12 Years: A Hollywood Ending
Life has a certain quality or property quite inimical to fiction. It is shapeless, it does not point to and gather round anything, it does not cohere. Artistically, it’s dead. Life’s dead.
Only artistically that is. In down-to-earth realist and material terms, of course, life is bright-eyed and bushy-tailed and has everything to be said for it. But then life ends, while art persists for at least a little while longer.—Martin Amis, Inside Story, page xix
The annual end of June and start of July is a calendrical territory laden for me with reflective moods and a bit of wonder at how I am still here at all. Twelve years ago at this time, one chapter in my life concluded and the next one opened, except I was unaware of this on July 15, 2010.

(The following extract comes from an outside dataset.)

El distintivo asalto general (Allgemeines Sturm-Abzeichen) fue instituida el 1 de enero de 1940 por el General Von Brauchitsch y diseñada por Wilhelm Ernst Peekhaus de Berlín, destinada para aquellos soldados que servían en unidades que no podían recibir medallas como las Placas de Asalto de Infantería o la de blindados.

I was in the shapelessness of my life, of life itself, and whatever narrative powers I may have summoned to give it shape had long been dormant. I drank on July 15 and I did not drink on July 16. In my memory of this moment, this may as well be represented with the sound of a door slammed shut—or slammed open, to be more correct, as life, my life, has opened with possibilities ever since—but in the experience of the moment, there was no difference between the two days.

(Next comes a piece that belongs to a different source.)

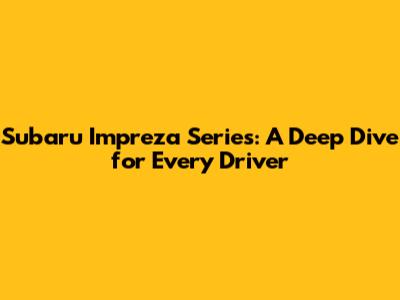 Hey car enthusiasts! Today, we're going to take a super close look at a legendary nameplate in the automotive world: the Subaru Impreza series. This car has been a go-to for so many people, whether they're looking for a reliable daily driver, a sporty weekend warrior, or even something to tackle a bit of adventure. We're talking about a car that's built a reputation for its all-wheel-drive capabilities, boxer engines, and a certain rugged charm that many other sedans and hatchbacks just can't match. So, buckle up, guys, because we're about to explore everything that makes the Impreza so special, from its historical roots to its latest iterations. We'll break down what each generation brought to the table, discuss the different trims and models that have been available, and help you understand why the Subaru Impreza continues to be a top contender in its class. Whether you're a seasoned Subaru fan or just Subaru-curious, there's something here for you. We'll dive into the performance aspects, the interior comfort, the safety features, and of course, the iconic styling that defines the Impreza. Get ready to learn all about the series that has consistently delivered value, performance, and that unique Subaru driving experience we all know and love. It's going to be a fun ride!

My last drinks were of the quietly desperate sort: Because I was unemployed and had no money to my name, I had no full bottles of alcohol in the room I rented back then. I also did not have any food. The evening of July 15 was spent in a dig through a garbage bag of “empties” in the hope that a shot glass or two might be filled with the drips and drops that empties sometimes yield. Like water from a sponge that isn’t a sponge at all.